[Excerpts from a dataset]

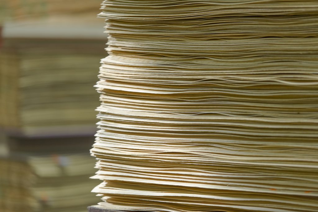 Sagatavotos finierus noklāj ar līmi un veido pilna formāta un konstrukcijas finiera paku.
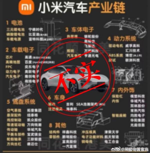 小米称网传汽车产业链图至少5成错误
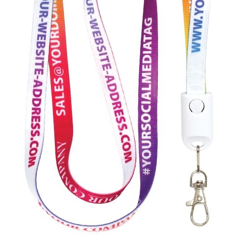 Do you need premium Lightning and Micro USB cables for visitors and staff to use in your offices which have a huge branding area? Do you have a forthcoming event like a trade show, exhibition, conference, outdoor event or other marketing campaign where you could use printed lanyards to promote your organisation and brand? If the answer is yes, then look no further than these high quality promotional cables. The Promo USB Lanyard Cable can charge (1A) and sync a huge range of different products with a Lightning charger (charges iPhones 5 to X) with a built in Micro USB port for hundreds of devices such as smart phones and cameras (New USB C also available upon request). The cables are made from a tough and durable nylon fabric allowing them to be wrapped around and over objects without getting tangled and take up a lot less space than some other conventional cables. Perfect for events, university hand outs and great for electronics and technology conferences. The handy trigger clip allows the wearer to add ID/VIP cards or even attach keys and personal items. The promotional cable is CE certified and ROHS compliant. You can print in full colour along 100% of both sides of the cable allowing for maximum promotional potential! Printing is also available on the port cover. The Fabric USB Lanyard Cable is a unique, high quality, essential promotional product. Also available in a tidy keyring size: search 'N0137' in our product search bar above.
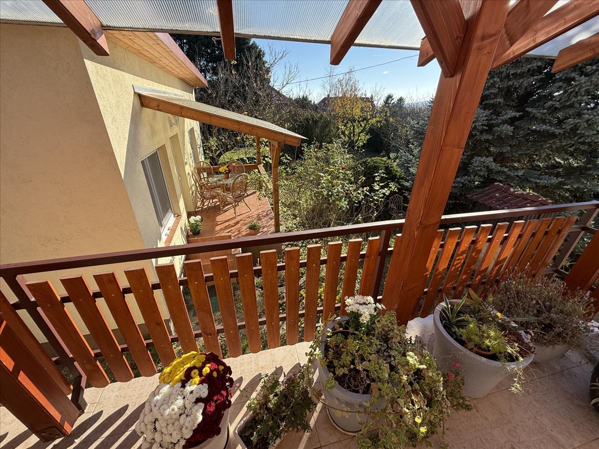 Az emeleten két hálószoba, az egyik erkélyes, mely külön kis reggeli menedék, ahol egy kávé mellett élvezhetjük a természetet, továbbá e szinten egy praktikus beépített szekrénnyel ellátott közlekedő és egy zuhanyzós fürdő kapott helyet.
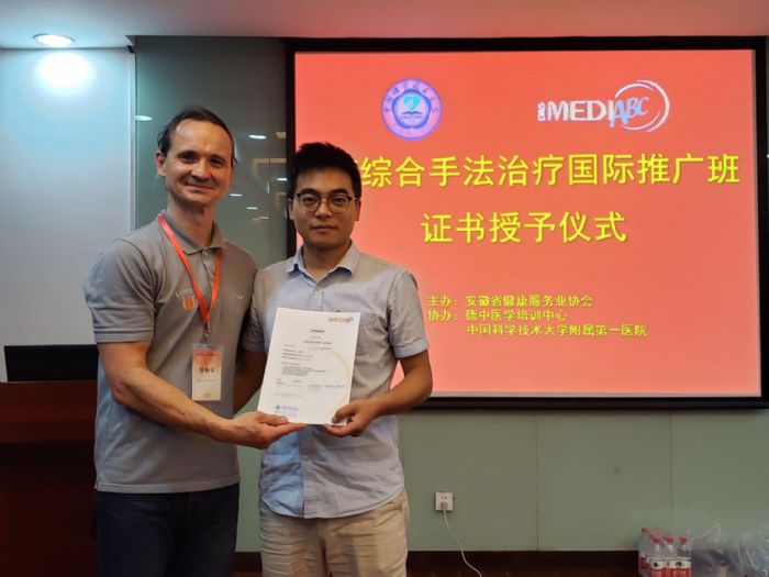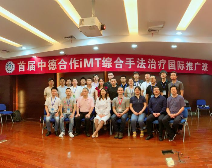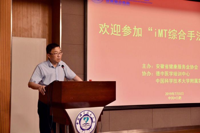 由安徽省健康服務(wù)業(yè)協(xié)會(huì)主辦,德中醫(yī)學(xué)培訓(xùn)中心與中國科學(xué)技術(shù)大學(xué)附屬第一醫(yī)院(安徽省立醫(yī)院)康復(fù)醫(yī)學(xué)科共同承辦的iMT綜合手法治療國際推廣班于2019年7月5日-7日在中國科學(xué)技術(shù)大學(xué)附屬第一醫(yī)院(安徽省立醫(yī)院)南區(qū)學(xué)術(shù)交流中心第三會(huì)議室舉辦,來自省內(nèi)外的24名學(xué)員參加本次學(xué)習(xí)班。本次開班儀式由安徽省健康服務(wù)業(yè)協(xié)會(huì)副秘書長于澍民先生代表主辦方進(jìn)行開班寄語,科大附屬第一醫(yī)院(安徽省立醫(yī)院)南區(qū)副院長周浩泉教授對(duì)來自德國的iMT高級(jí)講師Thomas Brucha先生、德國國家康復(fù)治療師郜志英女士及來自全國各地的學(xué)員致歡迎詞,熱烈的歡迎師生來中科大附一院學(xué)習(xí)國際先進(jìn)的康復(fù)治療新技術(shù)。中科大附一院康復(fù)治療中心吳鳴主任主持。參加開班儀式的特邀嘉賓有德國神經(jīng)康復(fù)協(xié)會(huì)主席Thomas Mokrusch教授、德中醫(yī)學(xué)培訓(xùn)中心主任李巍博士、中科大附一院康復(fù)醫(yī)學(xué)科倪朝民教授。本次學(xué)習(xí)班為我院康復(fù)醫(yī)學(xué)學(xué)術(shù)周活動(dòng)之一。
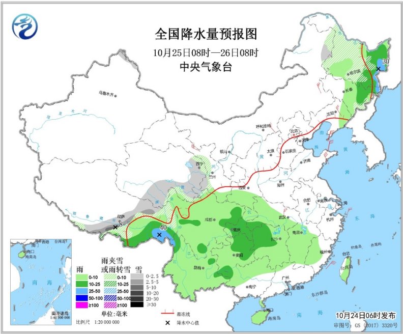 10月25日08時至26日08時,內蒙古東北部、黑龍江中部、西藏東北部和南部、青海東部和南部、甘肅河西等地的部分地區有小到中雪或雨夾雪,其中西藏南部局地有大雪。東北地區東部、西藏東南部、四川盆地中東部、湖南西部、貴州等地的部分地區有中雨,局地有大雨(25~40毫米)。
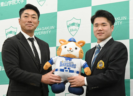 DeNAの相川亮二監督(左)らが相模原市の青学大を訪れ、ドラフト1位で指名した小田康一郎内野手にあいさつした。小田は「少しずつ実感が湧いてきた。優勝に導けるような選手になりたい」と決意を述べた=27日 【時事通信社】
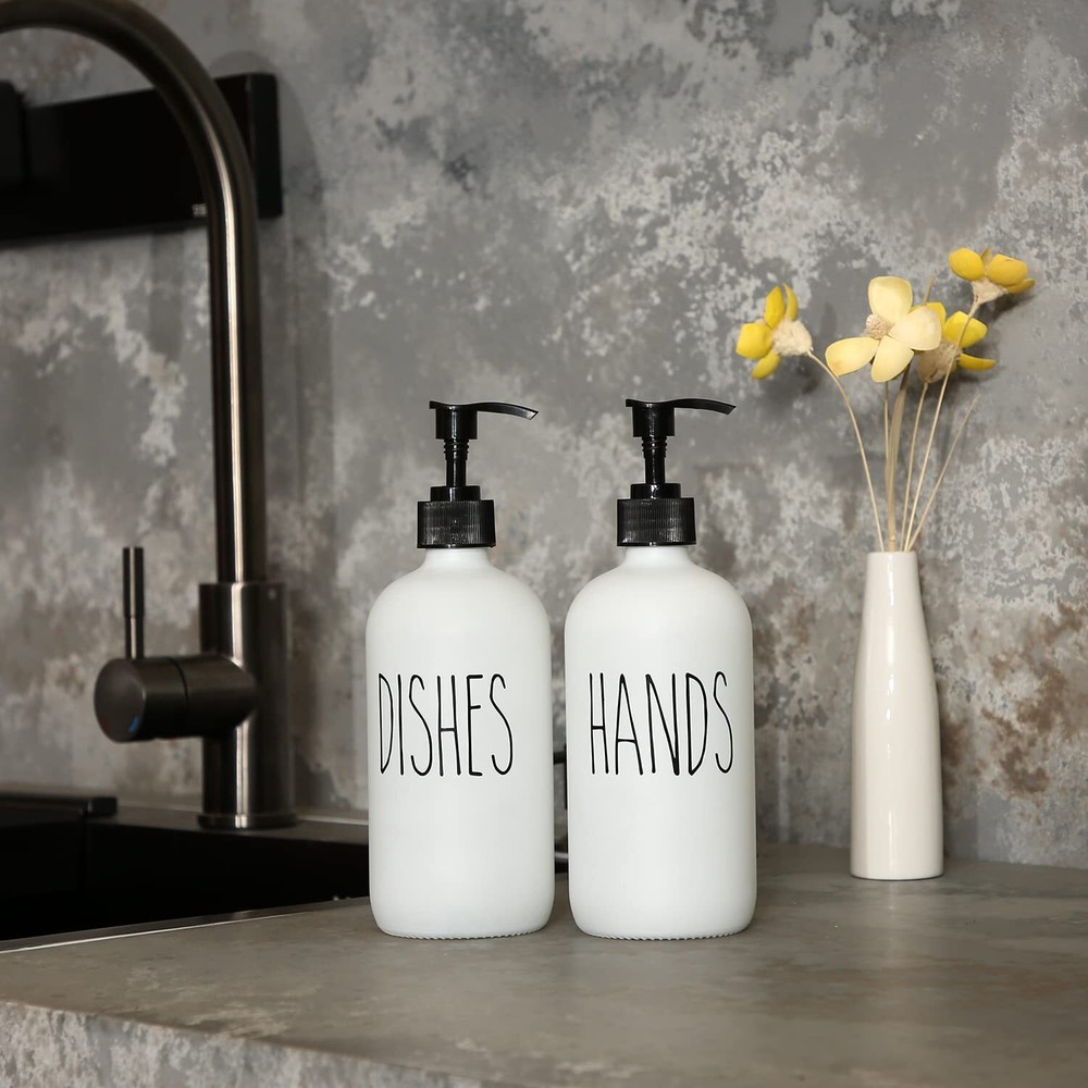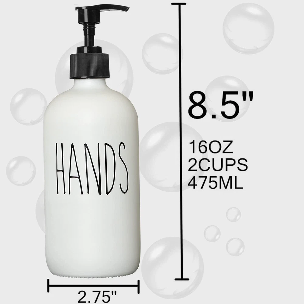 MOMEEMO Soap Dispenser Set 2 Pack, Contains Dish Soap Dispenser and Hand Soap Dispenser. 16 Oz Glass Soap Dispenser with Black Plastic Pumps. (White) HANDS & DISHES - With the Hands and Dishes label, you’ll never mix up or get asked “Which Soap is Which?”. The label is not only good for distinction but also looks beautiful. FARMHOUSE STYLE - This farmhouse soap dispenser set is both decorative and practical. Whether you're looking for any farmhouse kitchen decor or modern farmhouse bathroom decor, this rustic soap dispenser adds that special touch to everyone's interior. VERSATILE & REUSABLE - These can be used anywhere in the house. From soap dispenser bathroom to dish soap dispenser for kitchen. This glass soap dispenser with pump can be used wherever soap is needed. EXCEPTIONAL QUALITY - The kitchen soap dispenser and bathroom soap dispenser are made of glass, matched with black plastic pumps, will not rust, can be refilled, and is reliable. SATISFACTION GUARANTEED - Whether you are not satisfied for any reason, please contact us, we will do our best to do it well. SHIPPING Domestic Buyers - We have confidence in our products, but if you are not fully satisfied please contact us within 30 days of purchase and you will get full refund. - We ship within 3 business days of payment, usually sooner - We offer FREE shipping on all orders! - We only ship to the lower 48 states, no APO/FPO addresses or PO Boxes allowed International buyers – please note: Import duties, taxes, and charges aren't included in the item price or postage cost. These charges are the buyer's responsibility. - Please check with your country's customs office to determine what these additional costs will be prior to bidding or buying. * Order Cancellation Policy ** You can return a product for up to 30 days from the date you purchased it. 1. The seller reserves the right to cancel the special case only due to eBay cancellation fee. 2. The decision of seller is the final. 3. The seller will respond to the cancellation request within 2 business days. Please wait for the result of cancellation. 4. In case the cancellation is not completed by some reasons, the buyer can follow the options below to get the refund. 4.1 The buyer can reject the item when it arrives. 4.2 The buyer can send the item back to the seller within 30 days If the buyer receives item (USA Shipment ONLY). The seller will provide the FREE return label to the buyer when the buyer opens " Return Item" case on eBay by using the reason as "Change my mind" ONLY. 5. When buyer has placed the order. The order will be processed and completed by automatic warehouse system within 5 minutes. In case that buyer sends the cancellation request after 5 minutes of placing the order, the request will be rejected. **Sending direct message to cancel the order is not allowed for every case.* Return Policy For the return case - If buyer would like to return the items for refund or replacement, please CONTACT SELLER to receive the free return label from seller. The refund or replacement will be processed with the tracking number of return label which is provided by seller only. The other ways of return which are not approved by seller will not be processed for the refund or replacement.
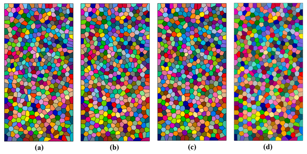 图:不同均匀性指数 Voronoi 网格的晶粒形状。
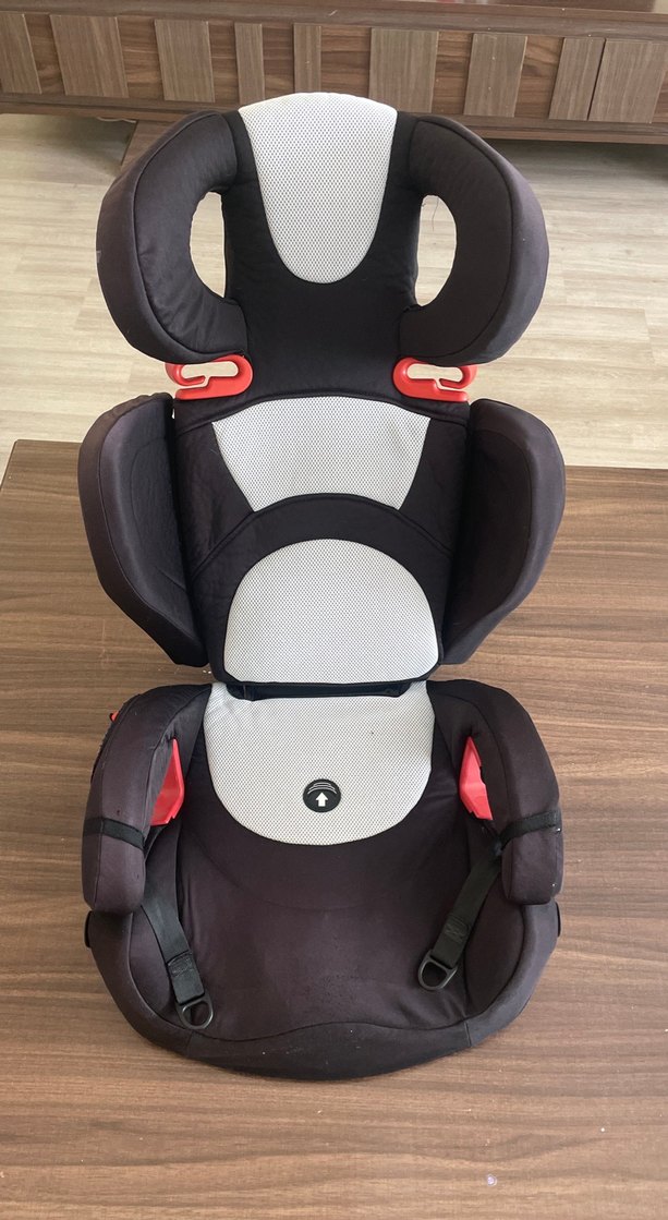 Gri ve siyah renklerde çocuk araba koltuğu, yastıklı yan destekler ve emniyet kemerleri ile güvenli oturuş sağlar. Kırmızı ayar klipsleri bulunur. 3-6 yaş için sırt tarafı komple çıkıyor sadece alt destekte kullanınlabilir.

## [BRIEF]
Without the pictures, retype exactly the lines from the one that holds "图:不同均匀性指数 Voronoi 网格的晶粒形状。" to the last line of the data above, both of them included.

## [RESULT FOR THIS EXERCISE]
 图:不同均匀性指数 Voronoi 网格的晶粒形状。
 Gri ve siyah renklerde çocuk araba koltuğu, yastıklı yan destekler ve emniyet kemerleri ile güvenli oturuş sağlar. Kırmızı ayar klipsleri bulunur. 3-6 yaş için sırt tarafı komple çıkıyor sadece alt destekte kullanınlabilir.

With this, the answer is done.